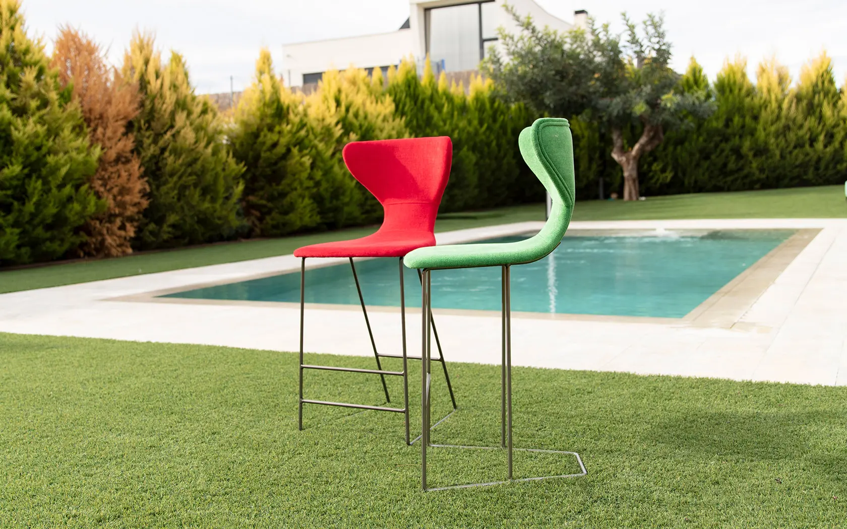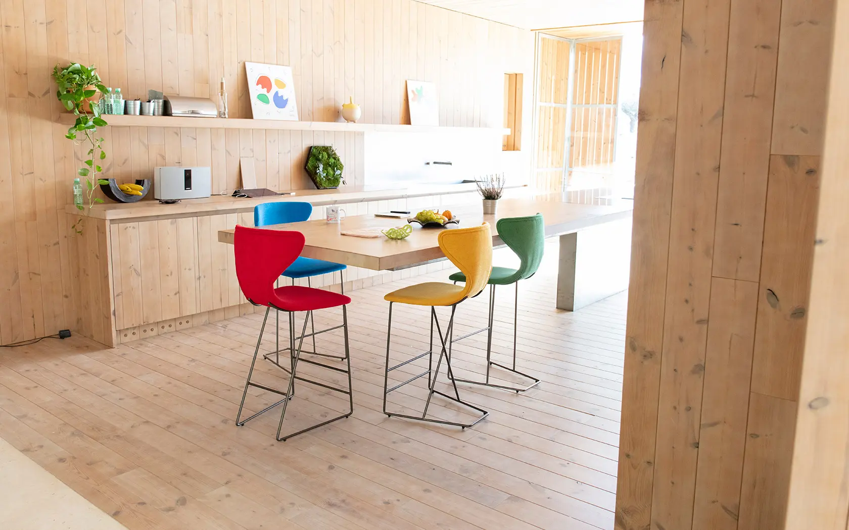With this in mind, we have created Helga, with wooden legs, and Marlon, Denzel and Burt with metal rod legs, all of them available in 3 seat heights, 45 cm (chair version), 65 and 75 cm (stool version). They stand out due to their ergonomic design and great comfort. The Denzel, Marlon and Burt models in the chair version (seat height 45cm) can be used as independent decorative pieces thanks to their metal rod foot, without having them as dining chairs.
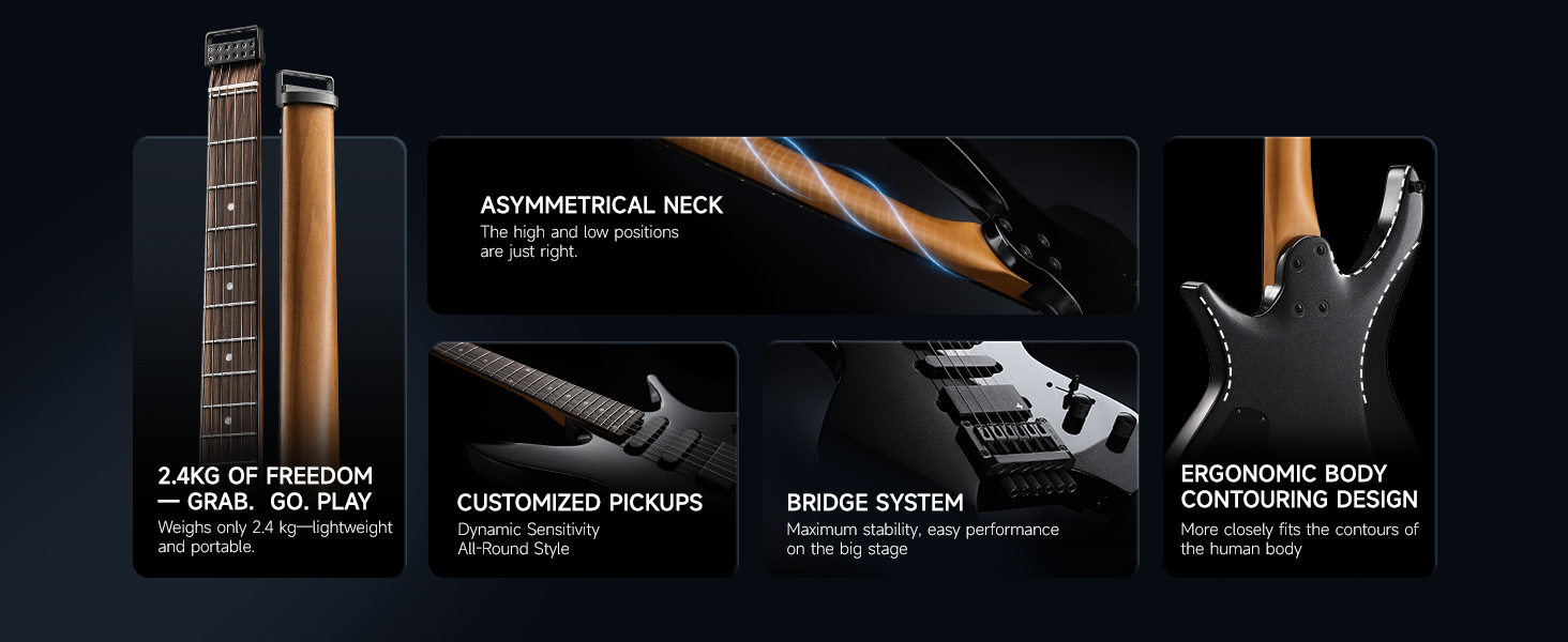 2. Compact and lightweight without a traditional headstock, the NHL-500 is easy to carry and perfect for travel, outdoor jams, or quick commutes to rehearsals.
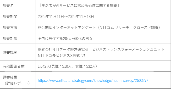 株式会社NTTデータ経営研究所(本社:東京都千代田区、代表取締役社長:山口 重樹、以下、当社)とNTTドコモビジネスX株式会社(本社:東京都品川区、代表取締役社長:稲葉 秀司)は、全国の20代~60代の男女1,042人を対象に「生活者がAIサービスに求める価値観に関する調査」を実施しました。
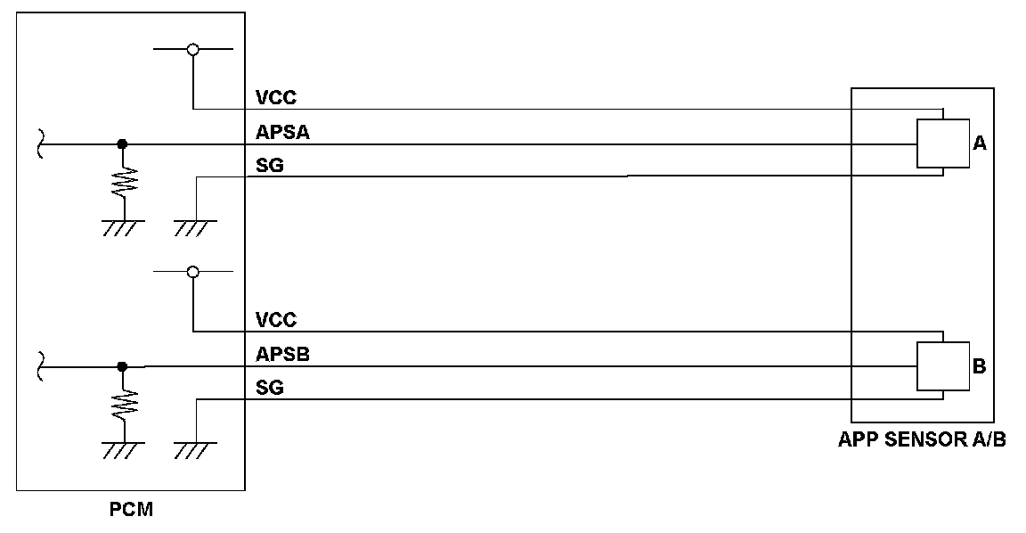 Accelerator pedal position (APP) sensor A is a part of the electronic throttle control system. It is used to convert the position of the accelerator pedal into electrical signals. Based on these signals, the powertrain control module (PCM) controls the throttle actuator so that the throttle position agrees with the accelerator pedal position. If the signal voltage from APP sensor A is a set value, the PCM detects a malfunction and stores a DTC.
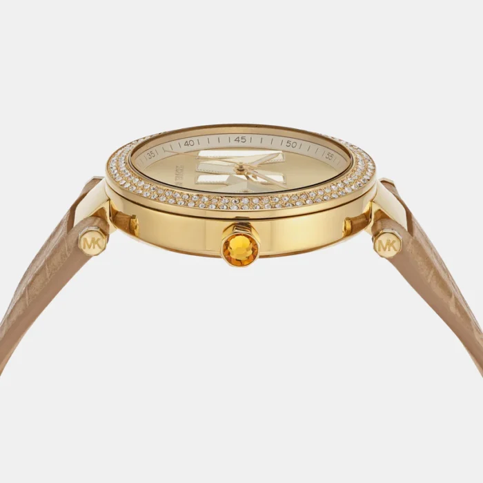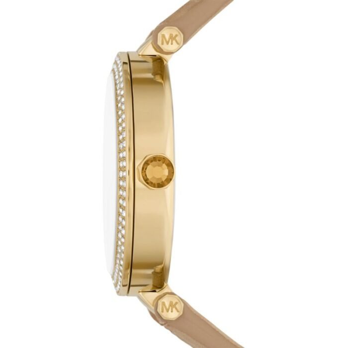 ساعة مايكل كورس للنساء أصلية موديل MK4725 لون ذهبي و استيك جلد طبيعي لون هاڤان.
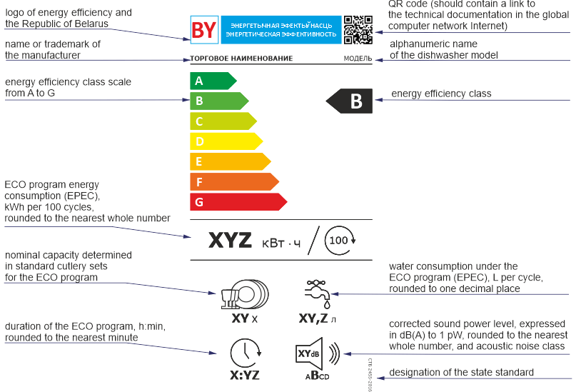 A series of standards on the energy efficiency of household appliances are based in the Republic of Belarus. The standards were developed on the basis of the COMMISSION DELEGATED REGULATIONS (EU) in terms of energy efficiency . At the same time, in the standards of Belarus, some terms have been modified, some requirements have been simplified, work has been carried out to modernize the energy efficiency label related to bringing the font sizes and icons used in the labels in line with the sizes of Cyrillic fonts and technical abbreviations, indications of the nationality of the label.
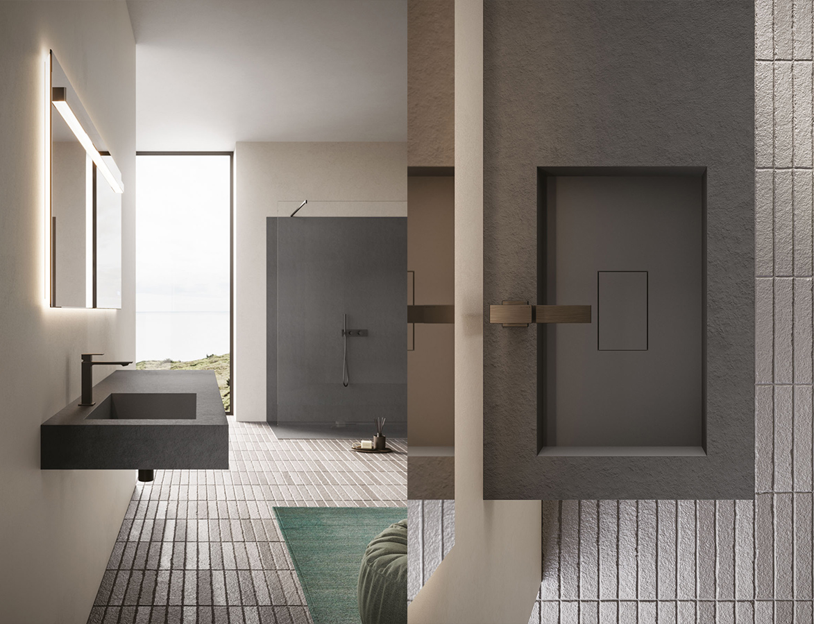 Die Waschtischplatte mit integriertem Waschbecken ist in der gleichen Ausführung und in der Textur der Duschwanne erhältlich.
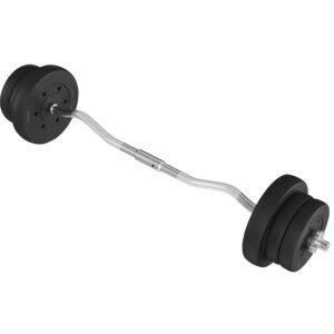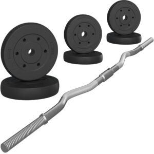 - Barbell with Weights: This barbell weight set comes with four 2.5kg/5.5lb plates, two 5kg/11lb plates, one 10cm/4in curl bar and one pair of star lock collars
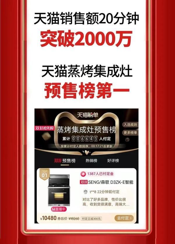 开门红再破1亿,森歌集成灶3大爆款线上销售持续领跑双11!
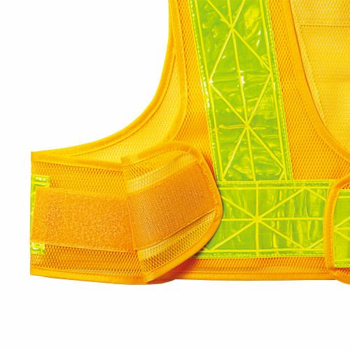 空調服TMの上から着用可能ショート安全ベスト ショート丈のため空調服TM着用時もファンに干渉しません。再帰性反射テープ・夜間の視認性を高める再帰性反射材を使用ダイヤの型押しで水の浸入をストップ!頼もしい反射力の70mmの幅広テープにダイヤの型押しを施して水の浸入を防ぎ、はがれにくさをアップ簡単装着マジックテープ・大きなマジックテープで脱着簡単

──────

* YOUR OBJECTIVE
Only the lines from the one containing "开门红再破1亿,森歌集成灶3大爆款线上销售持续领跑双11!" through the end of the listing above should be reproduced, exactly as they stand. Leave the pictures out.

* TASK OUTPUT
 开门红再破1亿,森歌集成灶3大爆款线上销售持续领跑双11!
 空調服TMの上から着用可能ショート安全ベスト ショート丈のため空調服TM着用時もファンに干渉しません。再帰性反射テープ・夜間の視認性を高める再帰性反射材を使用ダイヤの型押しで水の浸入をストップ!頼もしい反射力の70mmの幅広テープにダイヤの型押しを施して水の浸入を防ぎ、はがれにくさをアップ簡単装着マジックテープ・大きなマジックテープで脱着簡単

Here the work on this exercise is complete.